Instacart Aims to Price out DoorDash With Launch of Meal Delivery
January 14, 2022

With its latest initiative, Instacart is firing back at the leading restaurant aggregators, such as DoorDash, Uber Eats and Grubhub, which have been moving further into the grocery delivery space. Now, Instacart is retaliating, selling hot food.


The online grocery platform announced Thursday (Jan. 13) the launch of its new Ready Meals Hub, with cooked foods from a number of Ahold Delhaize- and Kroger-owned top grocery brands already available. The news release billed these options as “cost-effective alternatives to restaurant takeout,” a clear play for aggregators’ customers.

“With our new Ready Meals Hub, we’re dishing up inspiring, more affordable and nutritious food alternatives to restaurant delivery that make it easier for consumers to break up with takeout this year,” said Instacart Vice President and Head of Product Daniel Danker in the release. “We’re also helping retailers drive more sales and increase their ‘share of stomach’ when it comes to their customers’ daily mealtime decisions.”

The news comes as grocers are increasingly trying to reposition themselves as not only purveyors of ingredients but as one-stop shops meeting all of consumers’ food and beverage needs. Discussing the opening of Kroger’s first in-store restaurant with Kitchen United Friday (Jan. 7), Ralphs Vice President of Merchandising Kendra Doyel reframed the store as an “answer [to] the all-important ‘What’s for dinner?’ question.”
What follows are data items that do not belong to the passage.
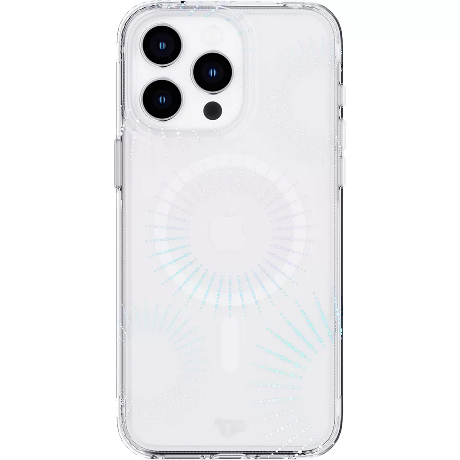 Add a bit of sparkle to your phone with the Evo Sparkle Case with MagSafe for iPhone 15 Pro Max. Made with up to 60% biodegradable materials, this scratch-resistant case features a holographic shimmer effect for some extra-sparkle. The non-slip grip helps you keep hold of your phone while on the go. The sturdy design provides up to 12 feet of impact protection and enhanced camera protection against cracks and scratches.¹ Advanced antimicrobial technology reduces microbes up to 99.99% in up to 24 hours.² Easy-to-press buttons are ultra-responsive, so your case doesn't interfere with the use of your phone. And, it has built-in magnets, so it's compatible with MagSafe chargers and accessories. ¹ Based on independent testing. ² Advanced antimicrobial technology protects the case against odor, staining or material degradation-causing microbes. | Tech21 Evo Sparkle Case with MagSafe for iPhone 15 Pro Max - Lunar | Verizon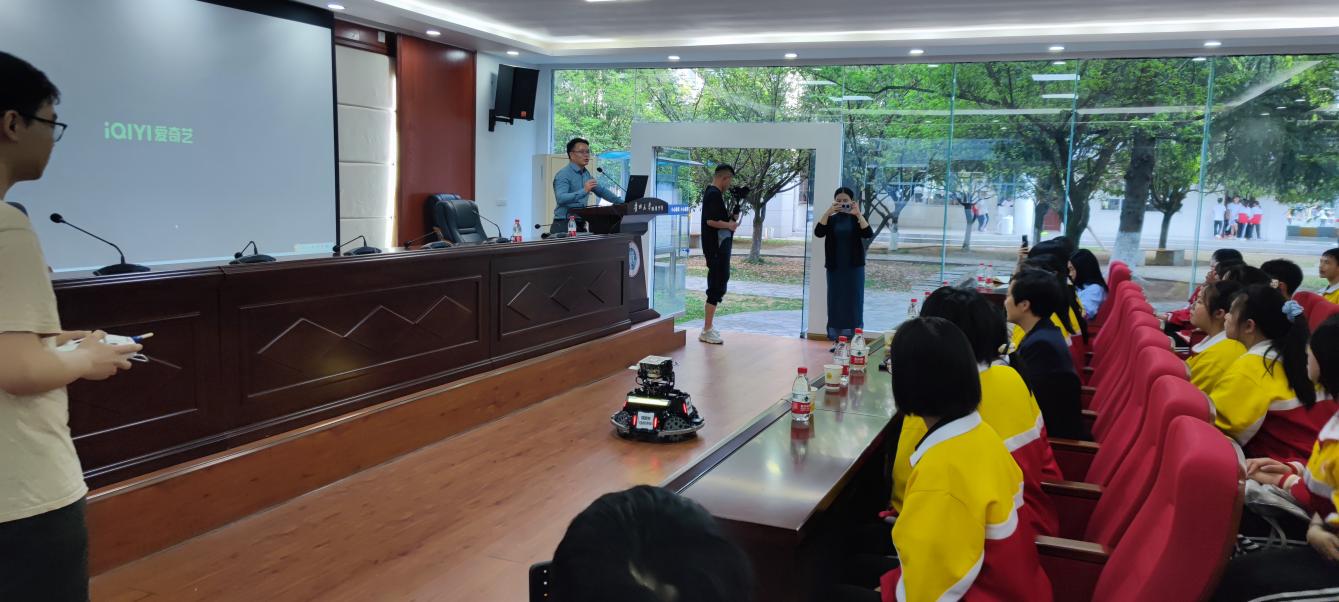 為充分發(fā)揮學(xué)者影響力,普及推動(dòng)科學(xué)知識,我院副院長唐正強(qiáng)教授于4月17日走進(jìn)貴州大學(xué)附屬中學(xué)為師生開展主題為“智能時(shí)代,智創(chuàng)未來”的科普講座。他通過生動(dòng)的視頻演示和PPT配合講解,深入淺出地介紹了人工智能、智能制造等前沿科技的發(fā)展趨勢及其對未來的影響和我院教師在智能技術(shù)領(lǐng)域的探索與實(shí)踐,并向同學(xué)們展示了我院學(xué)生制作的機(jī)器人,激發(fā)學(xué)生關(guān)注科技熱情。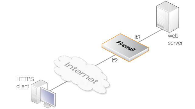 Shown below is a scenario where a client tries to connect to a server via a Clavister NetShield Firewall, the public Internet and a router.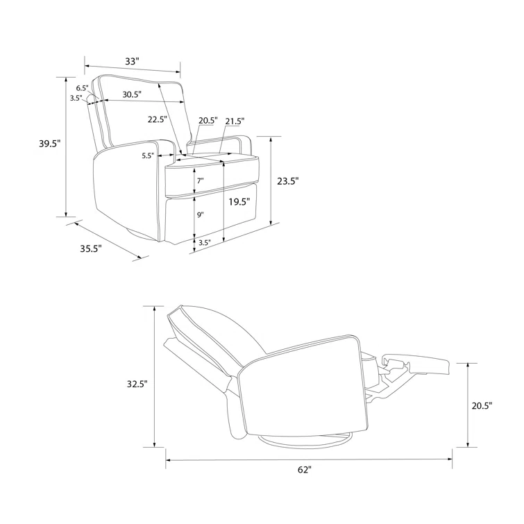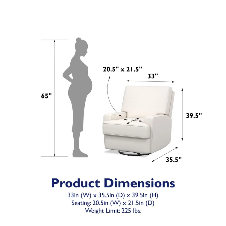 Recliner Dimensions: 35.5"L x 32.5"W x 39.5"H. Weight limit: 250 lbs. Net weight: 81.5 lbs. 1-year limited warranty. Rigorously tested to meet safety standards and flammability requirements. Does not contain flame-retardant chemicals. TSCA Certified for formaldehyde.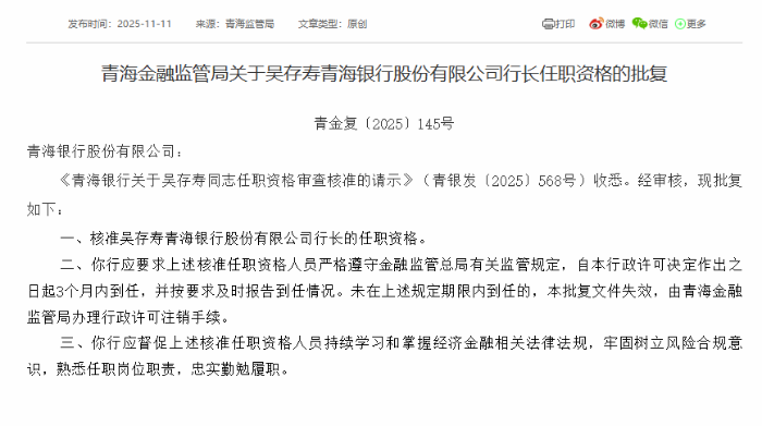 日前,国家金融监督管理总局青海监管局发布批复,核准应海峰青海银行股份有限公司董事长的任职资格,核准吴存寿青海银行股份有限公司行长的任职资格。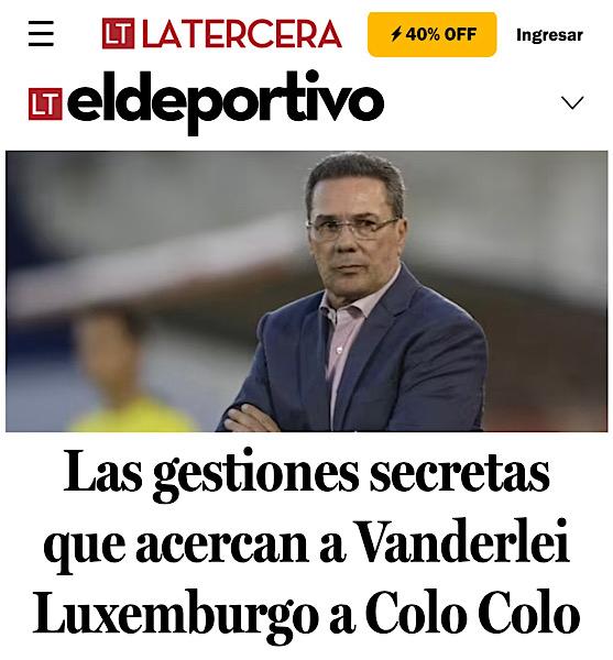 A matéria do jornal chileno que fala do interesse do Colo Colo em Luxemburgo trata o brasileiro com a maior reverência. O La Tercera diz que o clube chegou a pensar em nomes como Daniel Morón, Luis Zubeldía, Jorge Almirón, Gabriel Heinze, José Néstor Pekerman e Martín Palermo, mas fica evidente o entusiasmo quando se refere a Vanderlei Luxemburgo: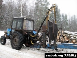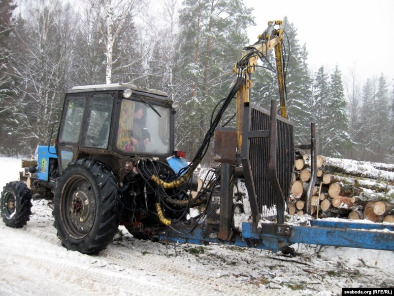 На зваротным шляху празь лес убачылі трактар, што ўкладаў сьпілаванае бярвеньне на прычэп. Кароткая размова з маладым кіроўцам пры нявыключаным маторы.

Meanwhile, Walmart, the largest grocery retailer in the world, has been adding multi-brand ghost kitchens to its stores, while other brands have been expanding and improving their grocerant offerings. Just as grocers are extending their reach to more kinds of food, consumers are increasingly viewing their food spending not as separate restaurant and grocery categories but as one connected “eat” category. The launch of Instacart’s Ready Meals Hub serves to further blur these lines.

If Instacart can so much as make a dent in the ready-made meal delivery space, the market opportunity is sizable, suggest findings from the November edition of PYMNTS’ Digital Divide report, “Digital Divide: Aggregators and High-Value Restaurant Customers,” created in collaboration with Paytronix, which featured census-balanced surveys of more than 2,100 United States adults about their ordering behaviors.

The study found that high-spending, high-frequency restaurant customers — those who spend more than $40 per purchase on average and who order at least once a week — account for 25% of all restaurant customers. Fifty-nine percent of these consumers use Uber Eats, 58% use DoorDash and 55% use Grubhub. The benefits for Instacart are clear if it can get into the meal-ordering rotation with these high-value consumers.

Back in October, Instacart announced the acquisition of catering software company FoodStorm. At the time, Mark Schaaf, Instacart’s chief technology officer, commented that the move was motivated by an aim to “ensure more of their customers’ everyday meals come from the grocery store.” Now, the company is following through on that goal, with 4,100 grocery stores already selling prepared meals via the hub and with more to come.

“With the grocery industry seeing a huge rush of positive public sentiment over the last year, many companies are wanting to capitalize on attention and develop or grow different revenue streams,” Instacart General Manager of Order Ahead and former FoodStorm CEO Robert Hill told PYMNTS in an interview. “By offering catering options, bakery orders, prepared meals and holiday packages, grocers could realize serious income, and FoodStorm is uniquely built to manage that.”